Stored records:

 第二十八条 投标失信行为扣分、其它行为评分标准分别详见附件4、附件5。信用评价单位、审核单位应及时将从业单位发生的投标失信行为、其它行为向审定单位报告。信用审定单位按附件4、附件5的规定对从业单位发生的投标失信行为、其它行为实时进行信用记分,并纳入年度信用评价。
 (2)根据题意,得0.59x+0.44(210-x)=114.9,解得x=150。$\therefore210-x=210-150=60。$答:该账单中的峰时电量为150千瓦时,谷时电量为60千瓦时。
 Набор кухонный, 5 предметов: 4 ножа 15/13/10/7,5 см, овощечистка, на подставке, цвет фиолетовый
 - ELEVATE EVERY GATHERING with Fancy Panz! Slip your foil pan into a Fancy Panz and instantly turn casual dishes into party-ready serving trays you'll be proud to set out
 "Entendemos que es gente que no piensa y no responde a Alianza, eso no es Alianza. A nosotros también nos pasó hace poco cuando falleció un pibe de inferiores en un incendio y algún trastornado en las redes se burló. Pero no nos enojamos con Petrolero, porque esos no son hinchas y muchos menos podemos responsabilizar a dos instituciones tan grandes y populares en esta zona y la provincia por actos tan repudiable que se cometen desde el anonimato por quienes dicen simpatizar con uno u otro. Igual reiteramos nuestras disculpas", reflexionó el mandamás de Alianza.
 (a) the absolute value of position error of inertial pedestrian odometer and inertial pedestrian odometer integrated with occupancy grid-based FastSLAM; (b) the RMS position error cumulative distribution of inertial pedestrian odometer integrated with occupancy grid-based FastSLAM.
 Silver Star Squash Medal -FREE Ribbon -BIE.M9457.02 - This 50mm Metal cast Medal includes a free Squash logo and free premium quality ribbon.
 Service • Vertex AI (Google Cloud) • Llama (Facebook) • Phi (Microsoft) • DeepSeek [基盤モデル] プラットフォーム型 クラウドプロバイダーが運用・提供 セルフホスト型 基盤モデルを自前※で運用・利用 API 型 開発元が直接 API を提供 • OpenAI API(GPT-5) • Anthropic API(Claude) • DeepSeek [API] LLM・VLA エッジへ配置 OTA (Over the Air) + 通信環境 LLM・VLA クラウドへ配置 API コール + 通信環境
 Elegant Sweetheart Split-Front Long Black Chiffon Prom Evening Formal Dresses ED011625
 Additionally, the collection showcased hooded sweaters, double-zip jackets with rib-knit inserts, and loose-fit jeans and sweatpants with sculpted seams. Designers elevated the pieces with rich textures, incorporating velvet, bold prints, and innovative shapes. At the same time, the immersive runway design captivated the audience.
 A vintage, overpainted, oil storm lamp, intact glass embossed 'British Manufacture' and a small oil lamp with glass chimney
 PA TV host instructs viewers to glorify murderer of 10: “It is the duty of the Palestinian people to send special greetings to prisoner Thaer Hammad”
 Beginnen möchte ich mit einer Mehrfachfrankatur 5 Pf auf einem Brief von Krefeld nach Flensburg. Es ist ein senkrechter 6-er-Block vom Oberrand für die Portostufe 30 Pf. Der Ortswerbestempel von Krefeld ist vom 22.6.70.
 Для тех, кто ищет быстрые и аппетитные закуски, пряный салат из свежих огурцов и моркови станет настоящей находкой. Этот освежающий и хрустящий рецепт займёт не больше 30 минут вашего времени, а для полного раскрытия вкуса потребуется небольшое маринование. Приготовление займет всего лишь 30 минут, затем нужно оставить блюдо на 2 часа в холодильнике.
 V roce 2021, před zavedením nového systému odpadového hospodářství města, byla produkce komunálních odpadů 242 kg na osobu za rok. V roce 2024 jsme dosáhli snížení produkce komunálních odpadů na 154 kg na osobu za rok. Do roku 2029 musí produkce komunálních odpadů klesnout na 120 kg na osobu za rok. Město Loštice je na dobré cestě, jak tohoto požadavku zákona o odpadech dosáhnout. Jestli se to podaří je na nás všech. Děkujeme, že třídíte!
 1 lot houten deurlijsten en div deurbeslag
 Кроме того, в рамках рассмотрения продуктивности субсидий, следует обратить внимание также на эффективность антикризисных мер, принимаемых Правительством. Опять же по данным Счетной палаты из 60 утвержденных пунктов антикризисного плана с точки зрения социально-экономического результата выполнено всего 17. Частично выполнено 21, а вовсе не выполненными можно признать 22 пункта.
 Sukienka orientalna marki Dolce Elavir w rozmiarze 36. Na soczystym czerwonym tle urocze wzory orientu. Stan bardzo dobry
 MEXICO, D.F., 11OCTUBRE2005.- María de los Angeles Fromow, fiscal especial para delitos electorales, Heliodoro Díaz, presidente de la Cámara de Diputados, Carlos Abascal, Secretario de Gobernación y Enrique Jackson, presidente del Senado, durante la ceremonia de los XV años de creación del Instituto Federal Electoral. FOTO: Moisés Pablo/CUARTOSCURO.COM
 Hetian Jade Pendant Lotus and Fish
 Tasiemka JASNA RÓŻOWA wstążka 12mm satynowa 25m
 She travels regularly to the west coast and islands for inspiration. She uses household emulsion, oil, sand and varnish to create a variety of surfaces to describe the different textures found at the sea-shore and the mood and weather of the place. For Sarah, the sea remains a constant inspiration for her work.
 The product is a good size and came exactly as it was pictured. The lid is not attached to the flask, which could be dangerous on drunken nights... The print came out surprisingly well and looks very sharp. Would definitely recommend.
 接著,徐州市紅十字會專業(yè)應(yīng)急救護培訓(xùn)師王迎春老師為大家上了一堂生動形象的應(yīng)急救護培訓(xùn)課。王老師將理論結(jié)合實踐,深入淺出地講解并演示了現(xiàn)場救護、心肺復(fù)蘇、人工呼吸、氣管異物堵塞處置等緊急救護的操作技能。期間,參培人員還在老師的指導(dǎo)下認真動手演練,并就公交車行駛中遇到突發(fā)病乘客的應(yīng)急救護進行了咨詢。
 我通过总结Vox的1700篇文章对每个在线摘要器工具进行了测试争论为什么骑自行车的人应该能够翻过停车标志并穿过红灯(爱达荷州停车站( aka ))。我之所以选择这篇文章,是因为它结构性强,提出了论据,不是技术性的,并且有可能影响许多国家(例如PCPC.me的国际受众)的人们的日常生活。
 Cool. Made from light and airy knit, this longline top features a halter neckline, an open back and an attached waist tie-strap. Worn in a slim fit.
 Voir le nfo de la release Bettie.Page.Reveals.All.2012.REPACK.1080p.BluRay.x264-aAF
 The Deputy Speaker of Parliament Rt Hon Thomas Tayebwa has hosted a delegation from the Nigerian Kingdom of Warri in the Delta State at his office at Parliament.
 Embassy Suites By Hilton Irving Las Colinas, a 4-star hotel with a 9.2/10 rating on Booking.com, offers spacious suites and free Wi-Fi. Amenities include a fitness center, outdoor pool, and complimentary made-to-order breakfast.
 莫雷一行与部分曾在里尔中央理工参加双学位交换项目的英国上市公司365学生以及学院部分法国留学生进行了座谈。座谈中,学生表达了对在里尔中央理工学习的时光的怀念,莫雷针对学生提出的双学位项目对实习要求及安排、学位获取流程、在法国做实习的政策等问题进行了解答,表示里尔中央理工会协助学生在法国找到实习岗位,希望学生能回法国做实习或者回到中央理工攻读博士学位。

> **REQUIRED WORK**: Retrieve each line of the data in which the word "textures" can be found.

> **EXERCISE RESPONSE**:
 Additionally, the collection showcased hooded sweaters, double-zip jackets with rib-knit inserts, and loose-fit jeans and sweatpants with sculpted seams. Designers elevated the pieces with rich textures, incorporating velvet, bold prints, and innovative shapes. At the same time, the immersive runway design captivated the audience.
 She travels regularly to the west coast and islands for inspiration. She uses household emulsion, oil, sand and varnish to create a variety of surfaces to describe the different textures found at the sea-shore and the mood and weather of the place. For Sarah, the sea remains a constant inspiration for her work.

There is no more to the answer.